TO DO: Exactly the lines starting at the line containing "It urged the" and ending at the line containing "Mike Leach, the" are to be written out from the listing below, both included.

SOURCE INFORMATION:

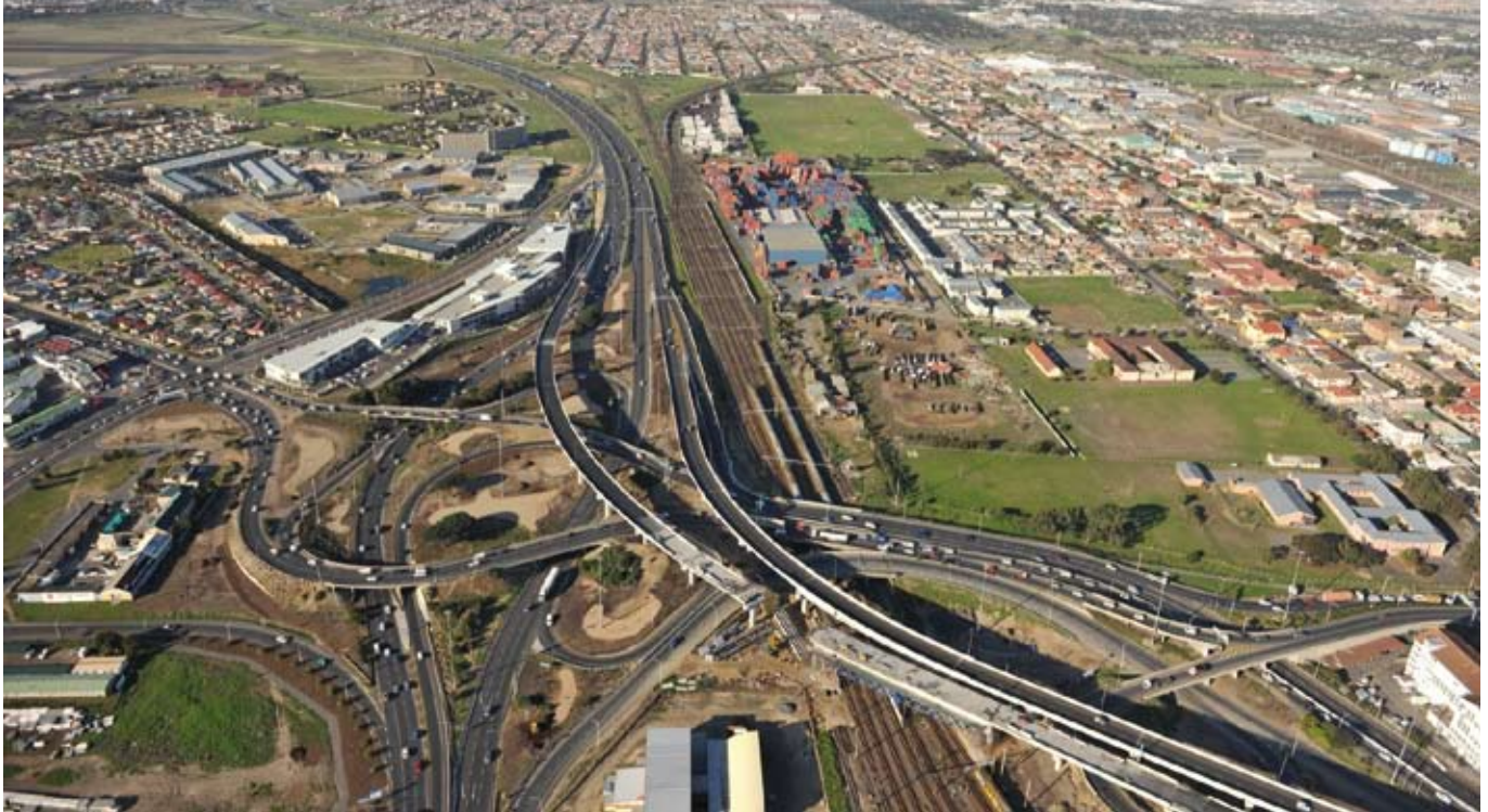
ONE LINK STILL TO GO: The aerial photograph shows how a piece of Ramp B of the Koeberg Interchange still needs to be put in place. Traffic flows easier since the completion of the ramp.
---
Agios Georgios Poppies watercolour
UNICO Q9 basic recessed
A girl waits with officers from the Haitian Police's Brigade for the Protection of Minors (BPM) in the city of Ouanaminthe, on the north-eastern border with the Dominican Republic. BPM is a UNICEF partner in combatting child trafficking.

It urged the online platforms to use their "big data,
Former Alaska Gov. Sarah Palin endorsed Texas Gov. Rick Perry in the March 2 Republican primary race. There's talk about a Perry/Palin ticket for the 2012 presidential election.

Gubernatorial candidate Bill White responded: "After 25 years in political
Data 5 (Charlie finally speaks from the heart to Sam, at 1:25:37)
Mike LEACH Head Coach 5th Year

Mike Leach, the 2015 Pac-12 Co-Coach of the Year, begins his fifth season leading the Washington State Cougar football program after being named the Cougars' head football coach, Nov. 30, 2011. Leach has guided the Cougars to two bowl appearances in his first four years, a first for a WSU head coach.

FINISHED EXERCISE:
It urged the online platforms to use their "big data,
Former Alaska Gov. Sarah Palin endorsed Texas Gov. Rick Perry in the March 2 Republican primary race. There's talk about a Perry/Palin ticket for the 2012 presidential election.

Gubernatorial candidate Bill White responded: "After 25 years in political
Data 5 (Charlie finally speaks from the heart to Sam, at 1:25:37)
Mike LEACH Head Coach 5th Year

Mike Leach, the 2015 Pac-12 Co-Coach of the Year, begins his fifth season leading the Washington State Cougar football program after being named the Cougars' head football coach, Nov. 30, 2011. Leach has guided the Cougars to two bowl appearances in his first four years, a first for a WSU head coach.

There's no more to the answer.